Using the data that follows, output only the lines from the line with "Plakát v černém" up to and including the line with "한민일보 서울포커스 황준형", exactly, leaving pictures aside.

- [Material provided]
--------

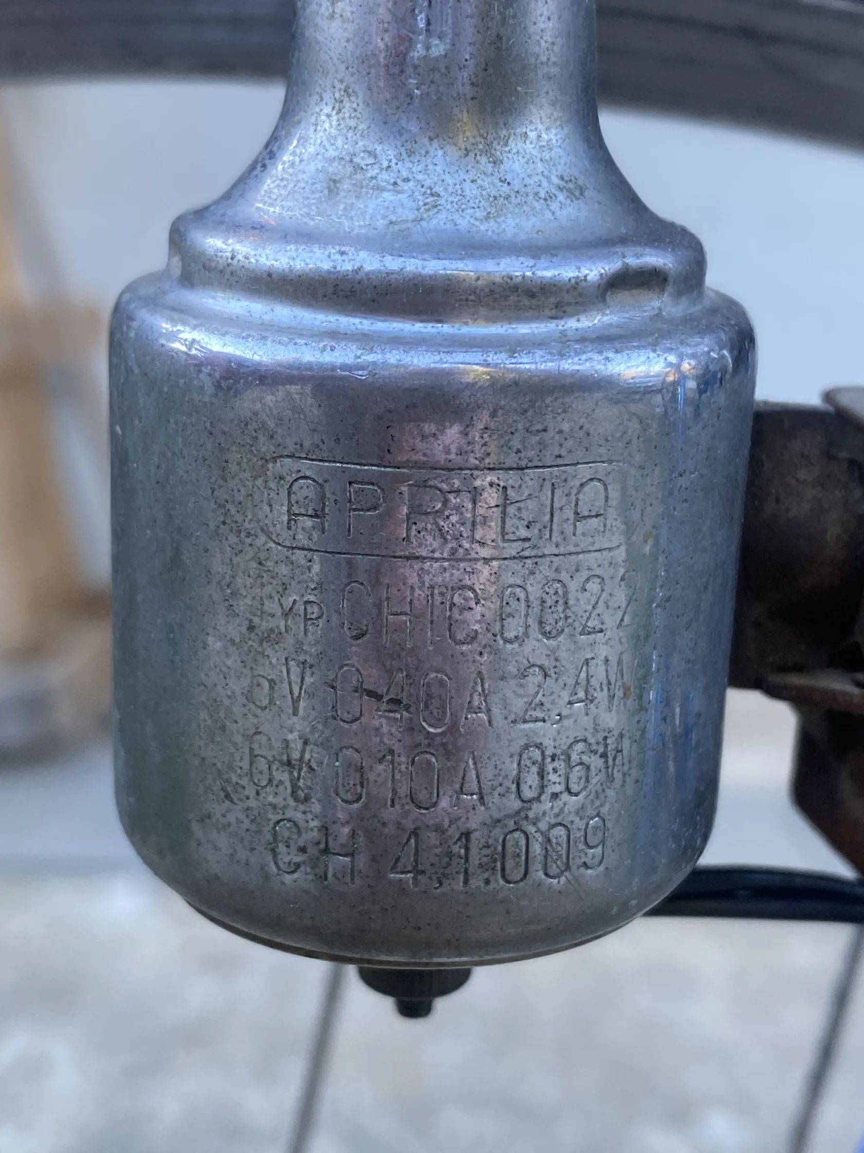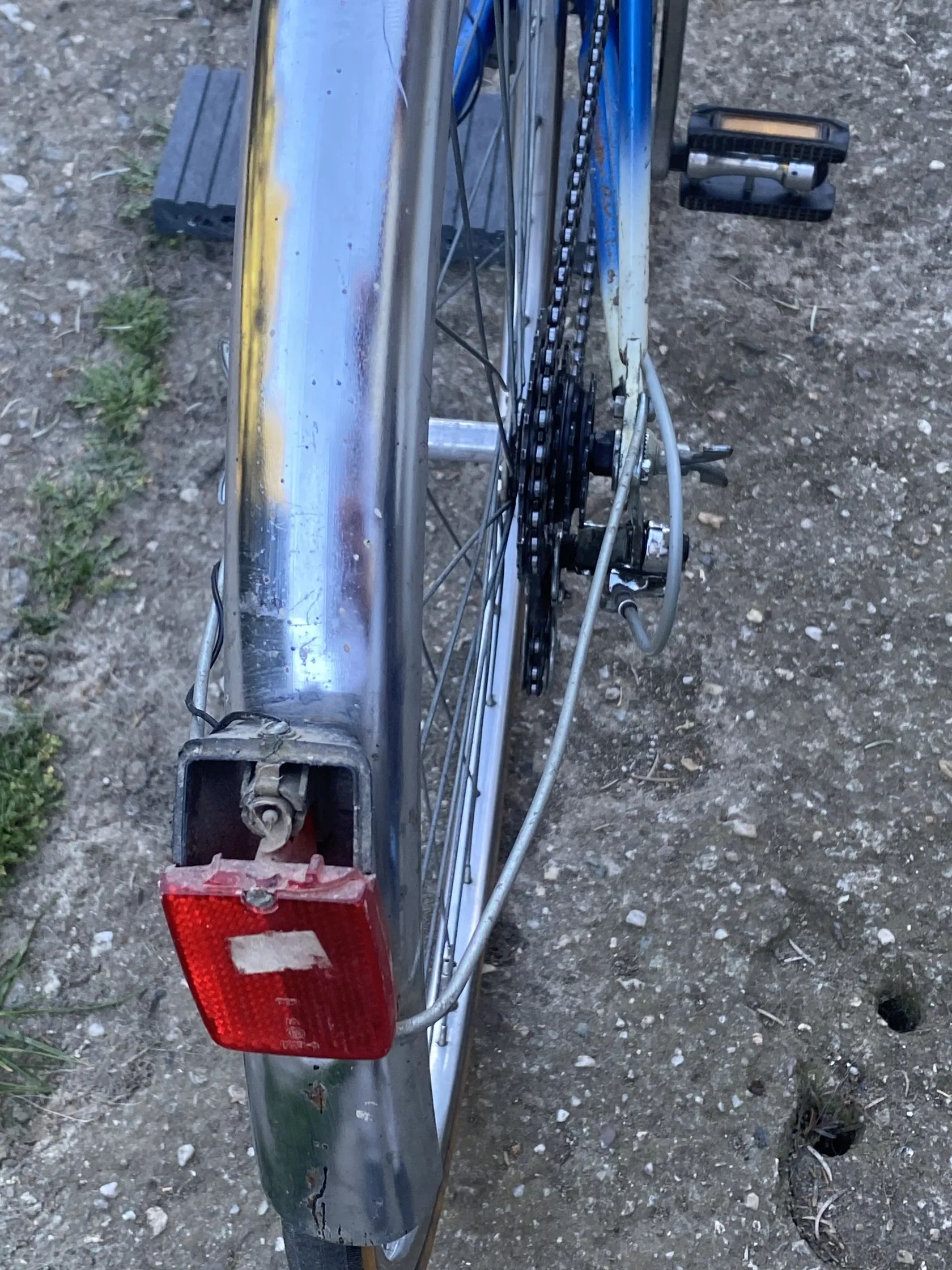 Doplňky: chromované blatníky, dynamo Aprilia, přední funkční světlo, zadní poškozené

--------

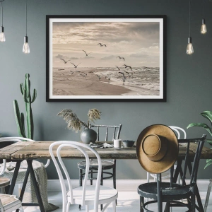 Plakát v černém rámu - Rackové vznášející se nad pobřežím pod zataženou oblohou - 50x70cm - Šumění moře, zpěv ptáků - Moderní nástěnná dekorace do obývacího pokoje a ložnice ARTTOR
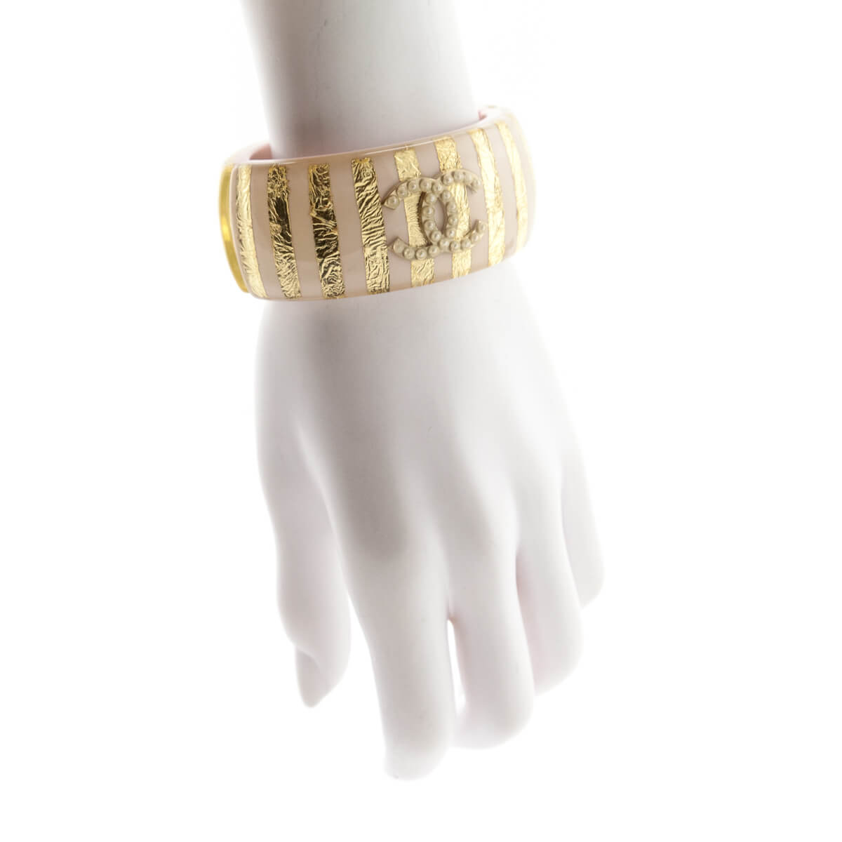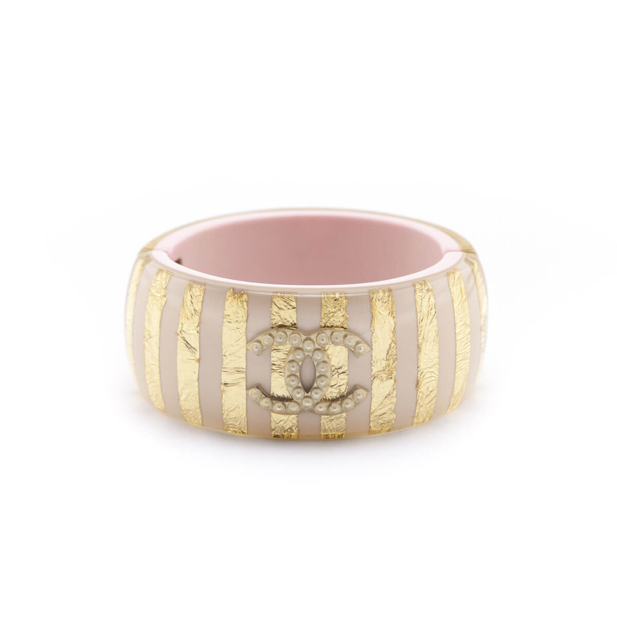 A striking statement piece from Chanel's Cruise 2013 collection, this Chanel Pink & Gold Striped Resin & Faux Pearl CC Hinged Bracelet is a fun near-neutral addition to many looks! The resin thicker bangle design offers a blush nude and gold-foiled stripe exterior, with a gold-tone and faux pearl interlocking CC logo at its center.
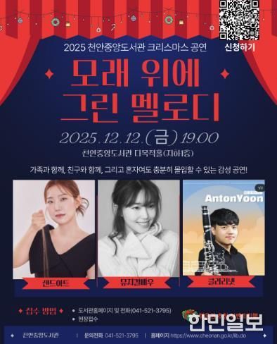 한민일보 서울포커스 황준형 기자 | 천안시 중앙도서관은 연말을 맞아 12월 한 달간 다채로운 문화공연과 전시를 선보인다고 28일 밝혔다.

--------

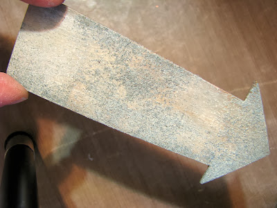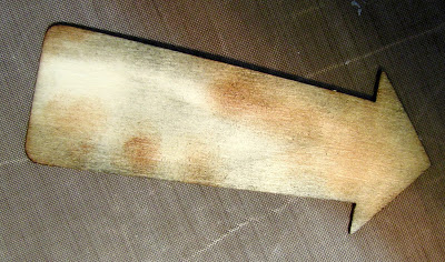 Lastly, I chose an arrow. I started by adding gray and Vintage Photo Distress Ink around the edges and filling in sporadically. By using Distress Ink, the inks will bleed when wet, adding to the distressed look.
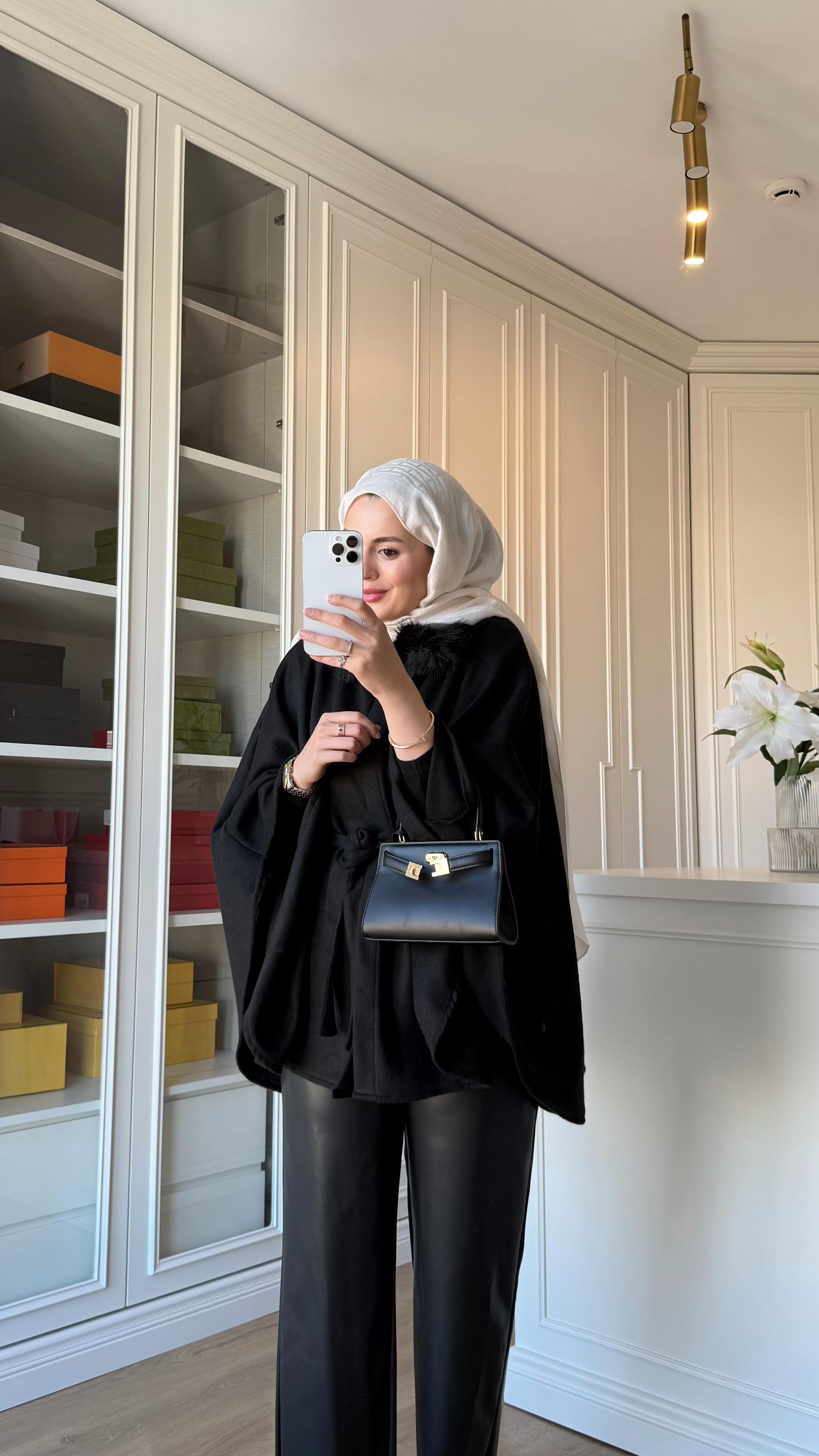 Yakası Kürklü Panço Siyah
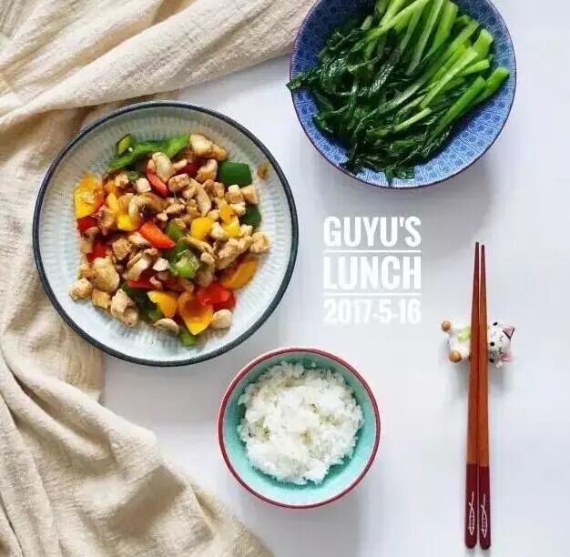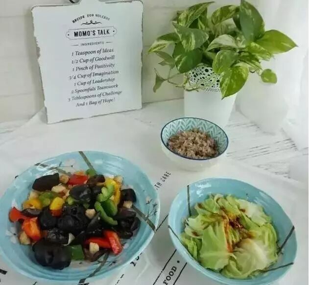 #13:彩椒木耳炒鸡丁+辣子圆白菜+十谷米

--------

- [Answer section]
 Plakát v černém rámu - Rackové vznášející se nad pobřežím pod zataženou oblohou - 50x70cm - Šumění moře, zpěv ptáků - Moderní nástěnná dekorace do obývacího pokoje a ložnice ARTTOR
 A striking statement piece from Chanel's Cruise 2013 collection, this Chanel Pink & Gold Striped Resin & Faux Pearl CC Hinged Bracelet is a fun near-neutral addition to many looks! The resin thicker bangle design offers a blush nude and gold-foiled stripe exterior, with a gold-tone and faux pearl interlocking CC logo at its center.
 한민일보 서울포커스 황준형 기자 | 천안시 중앙도서관은 연말을 맞아 12월 한 달간 다채로운 문화공연과 전시를 선보인다고 28일 밝혔다.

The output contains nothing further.